Закончив писать, Сампсон вышел из кибитки и направился к юрте Аюки Таши.
– Дозволь войти, Аюка. – Владыка откинул тяжелую циновку, закрывающую вход в юрту.
– Входи, дорогой Сампсон, входи! Что привело тебя ко мне?
– Просьба у меня к тебе великая. Написал я письмо царю Петру Алексеевичу. Отправить надобно.
– Не переживай, Сампсон. Все устроим. Завтра же нарочного пошлю. Если поспешит, успеет добраться в Москву до морозов.
А морозы могли нагрянуть в любой момент. Даже здесь, на юге Руси, осень вскоре заморосила унылыми монотонными дождями. Превратив рыже-серую Болдинскую степь в непроходимое месиво глины и пожухлой травы, она все чаще припорашивала ее мокрым колючим снегом.
Хоть и не хотел Петр отрывать войска от сражений со шведами, но понимал – важна ему Астрахань не менее, чем выход к Балтийскому морю. Потому и послал по просьбе митрополита Сампсона в нижневолжские степи лучшего большого полка воеводу, генерал-фельдмаршала военного Мальтийского славного чина Апостола Андрея кавалера Бориса Петровича Шереметева.

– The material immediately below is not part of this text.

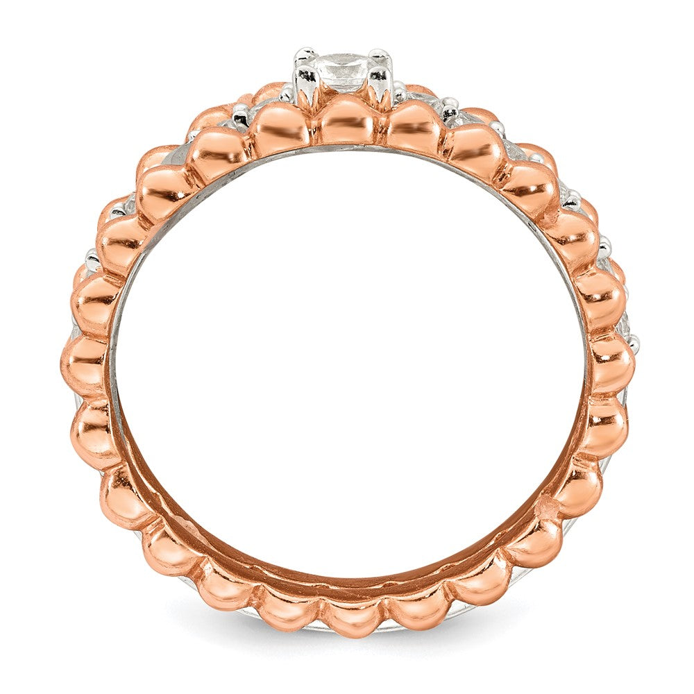 Sterling Silver and Rose-tone Polished Round White CZ Ring with 2 Beaded Bands Size 6 Three Ring Set

Полгода минуло с тех пор, как отгуляла в городе одна на всех свадьба. Полгода минуло, как превратилась она наутро в неуправляемый пожар человеческих страстей, дотла сжигая на своем пути многие жизни. Воевода Ржевский спал во сырой земле, митрополит Сампсон бежал. Всех начальных людей и подавно в городе извели. Теперь главным атаманом избрали купца гостиной первой сотни Якова Ивановича Носова. Он в городе голова. Ему все докладывают. Все дела сообща на круге решают. Атаман Носов обретался на воеводском подворье. Там его и нашел Гурьян Чалый:
– Яков Иваныч, – нервно запинаясь на каждом слове, начал он, – только что наши люди донесли: на Каржином острове, что в двадцати верстах от города, расположился большой полк царевых войск.